リンク・イット・オール
今週に入って部活には毎日行っているけれど、皆バイトがあるとか他の部活の手伝いとかでまだ全員は揃わないので、なかなか合わせた音は聴けていない。
基本的にはトランプをしていたり、すごろくをしていたりと遊んでばかりの彼らだ。
けれど、時折各自で音を出していることがあり、それを見たり聴いたりしているのも楽しい。
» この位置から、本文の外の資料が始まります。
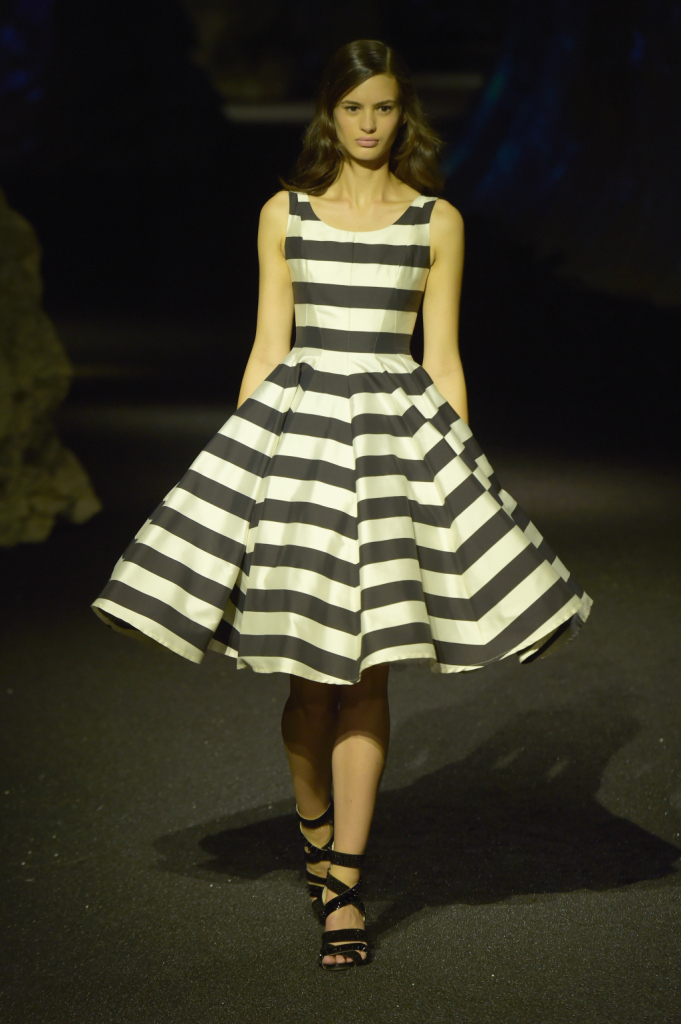 Per la sua collezione primavera-estate 2015, Philipp Plein punta sui colori navy: il rosso, il blu e il bianco. Ampi abiti illuminati da righe e bande orizzontali, tagli dall’allure retrò. Toni accesi che sfumano nel nero, quello profondo e liquido degli abissi e delle sue creature, vestiti lunghi di pizzo in black&white, tessuti lucidi e morbidi che richiamano le atmosfere dark delle grotte più segrete. Una donna, quella di Philipp Plein, sicura di sè e femminile, in grado di alternare, con grande destrezza sneakers e tacchi alti, sacche oversize dal fascino gitano e minibag super chic. E sono i contrasti quelli che colpiscono di più, con alla base l’ispirazione degli abissi, da una parte abiti lunghissimi e fluidi come acqua, dall’altro giubbotti di pelle e shorts, per una donna forte, che sa cambiare.

弦楽器の細い弦を器用に弾く指先を目で追うのも、両手足を動かし力一杯ドラムを叩く姿を見ているのも。
そして、鼻歌のように軽やかに歌う真紘先輩の声を聴くことも。
この数日で、私にとって放課後は楽しみの時間となっていた。
真紘先輩たちと過ごす時間は、楽しい。
だけどその分、ひとりの時間がいっそう寂しくなる。
それから、授業を受けているうちに、徐々にだるさが体を襲う。
それは昼休みになっても変わらず、目眩と気持ち悪さとだるさで昼食をとる気にもなれなかった。
「5限目図書室で自習だって。悠、保健室行って休んでおく?」
「ううん、大丈夫だよ」
体調を気にかけてくれる莉乃ちゃんに、そう笑って答えると、私はノートと筆記用具を手に教室を出る。